Это было опасное развлечение. Такие петли из корней всегда образовывались в тех местах, где течение было наиболее быстрым, под обрушившимися, изъеденными водой берегами. К тому же в пещерках под корнями обитали змеи, да и с берега в любую минуту мог сползти новый слой земли, и тогда нырнувший оказался бы в ловушке. Темень там была непроглядная, приходилось пробираться на ощупь, и всегда существовала вероятность застрять в очередной петле или не справиться с бешеным течением Луары и попросту утонуть, но в этой-то опасности и заключалась заманчивость игры.
Мне все удавалось отлично.

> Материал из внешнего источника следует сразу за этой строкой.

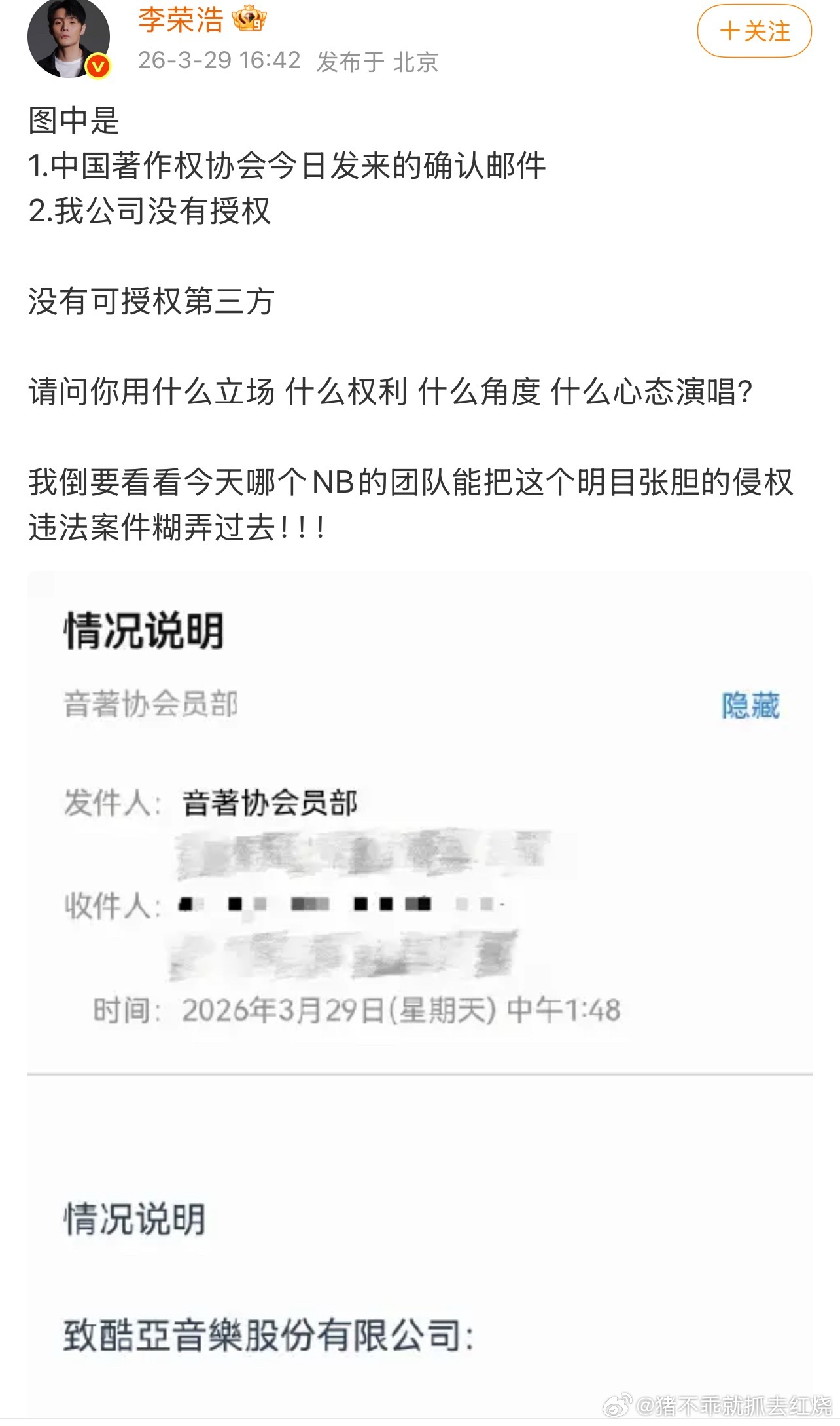 内娱维权硬刚都请向李荣浩看齐好吗,及时回应,有证据上证据,最主要的是说话不委婉,

Рен участвовала редко и вечно впадала в истерику, если мы с Кассисом начинали выпендриваться. Кассис никак не мог уступить мне первенство. Он был гораздо сильнее меня, зато я была более тонкой и гибкой, как угорь, в чем и заключалось мое основное преимущество. Чем больше Кассис хвастался, тем хуже у него получалось. Не помню, чтоб я хоть раз ему проиграла.
Наедине мне удавалось побыть с Томасом только в тех случаях, если Кассис и Рен плохо вели себя в школе и их в наказание оставляли после уроков даже по четвергам, когда у всех остальных бывал свободный день; их сажали за парту и заставляли склонять глаголы или что-то без конца писать. Такое, правда, случалось довольно редко; надо учитывать, что военное время было для всех тяжким испытанием. Большую часть школы по-прежнему занимали немцы, да и учителей осталось всего несколько человек, так что в класс порой набивалось по пятьдесят – шестьдесят учеников. Преподаватели нервничали; раздражение вызывала любая мелочь: вылез, когда тебя не спрашивают, получил плохую отметку за контрольную, подрался во время перемены, не выучил урок. В общем, я просто Бога молила, чтоб сестру и брата наказывали чаще.